:: INFORMATION
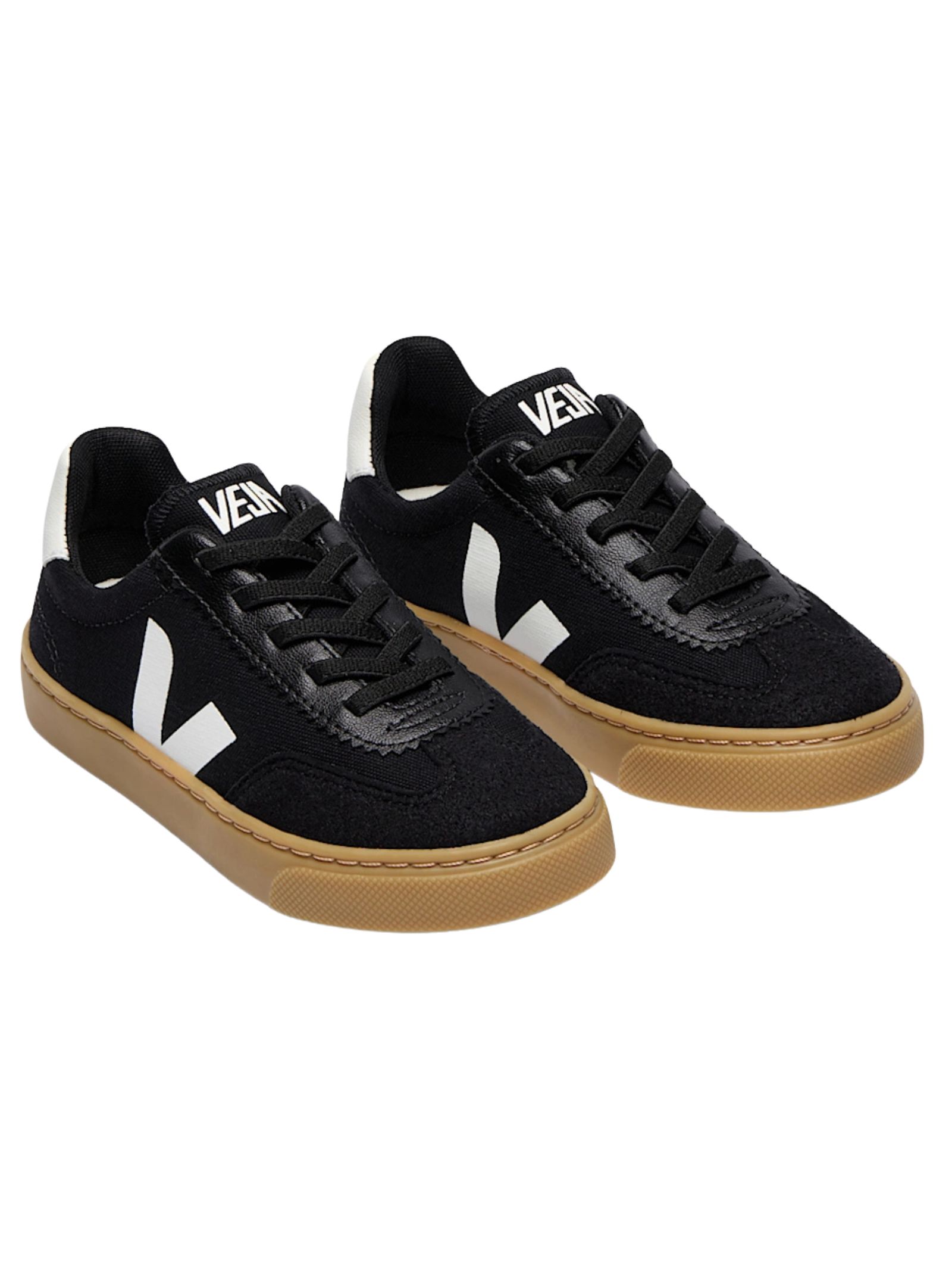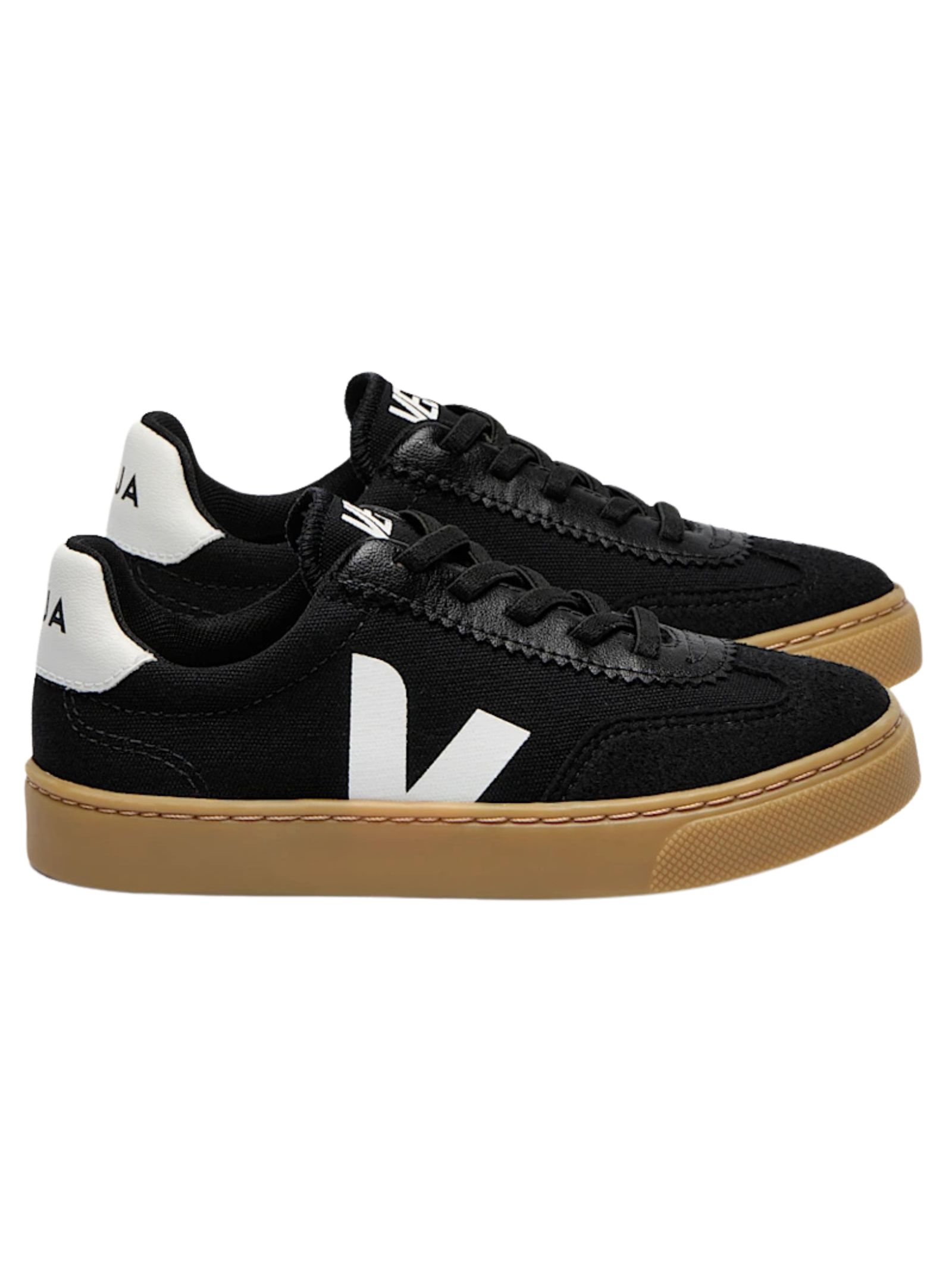 VEJA Kids SMALL VOLLEY CANVAS shoes in black, featuring a round toe, suede inserts, a printed logo tongue, a side logo, a contrasting heel counter, a logo insole, a flat rubber sole, and a lace-up front fastening. Sole: 100% rubber. Lining: 100% fabric. Outer: 100% calfskin.
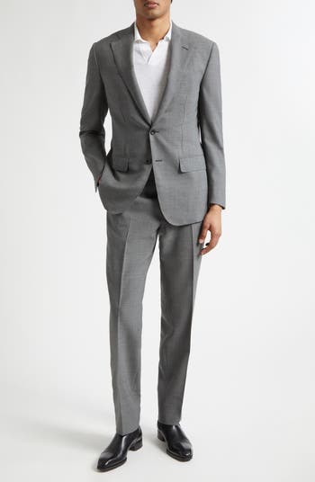 This tailored suit is made from open-weave wool that's lightweight and breathable, making it an ideal addition to your warm-weather business wardrobe. Notched lapels and flat-front trousers complete the effortlessly versatile look.
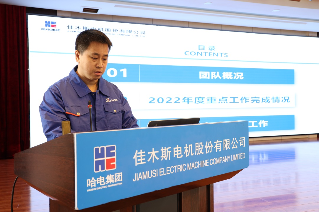 3月11日,哈爾濱電氣集團佳木斯電機股份有限公司(以下簡稱“佳電股份”)隆重召開第七屆科技創(chuàng)新大會,對佳電股份2022年度在科技工作上做出突出貢獻的集體和個人進行了表彰獎勵。獲獎代表對重大科技項目做了情況介紹與經(jīng)驗分享。佳電股份黨委副書記、副董事長、總經(jīng)理姜清海出席會議并講話。佳電股份副總經(jīng)理潘波做年度科技工作報告。佳電股份黨委副書記、工會主席劉漢成主持會議。佳電股份領(lǐng)導(dǎo)、有關(guān)單位中層領(lǐng)導(dǎo)人員及技術(shù)戰(zhàn)線全體科技人員參加會議。
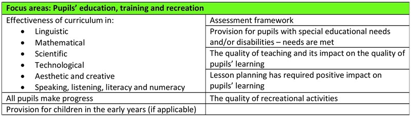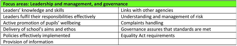 This part forms the main section of the self-evaluation process. It provides proprietor(s)/governors and leaders with a structured approach to prompt questions and focus areas for self-evaluation. This approach informs ongoing evaluation by school leaders and governors of the effective implementation of decision-making at the school, as required by relevant standards and regulations.
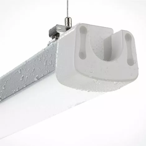 Die LED-Wannenleuchte kann entweder direkt an einer geschlossenen Raumdecke montiert oder aber durch das mitgelieferte Befestigungsmaterial auf die gewünschte Höhe abgehängt werden. Dank der durch ein Dichtungsgummi geschützten Schrauben ist die Leuchte auch für Feuchträume mit einer Luftfeuchtigkeit von bis zu 95 % geeignet. Mit einem Betriebstemperaturbereich von -20 °C bis +60 °C trotzt sie darüber hinaus auch extremen Wetterbedingungen und ist ganzjährig im überdachten Außenbereich einsetzbar.
::::
◆ PROBLEM TO SOLVE ◆
Exact repeat, pictures omitted: give every line from the top of the records down to and including the line with "This tailored suit".

◆ ANSWER SPACE ◆
 VEJA Kids SMALL VOLLEY CANVAS shoes in black, featuring a round toe, suede inserts, a printed logo tongue, a side logo, a contrasting heel counter, a logo insole, a flat rubber sole, and a lace-up front fastening. Sole: 100% rubber. Lining: 100% fabric. Outer: 100% calfskin.
 This tailored suit is made from open-weave wool that's lightweight and breathable, making it an ideal addition to your warm-weather business wardrobe. Notched lapels and flat-front trousers complete the effortlessly versatile look.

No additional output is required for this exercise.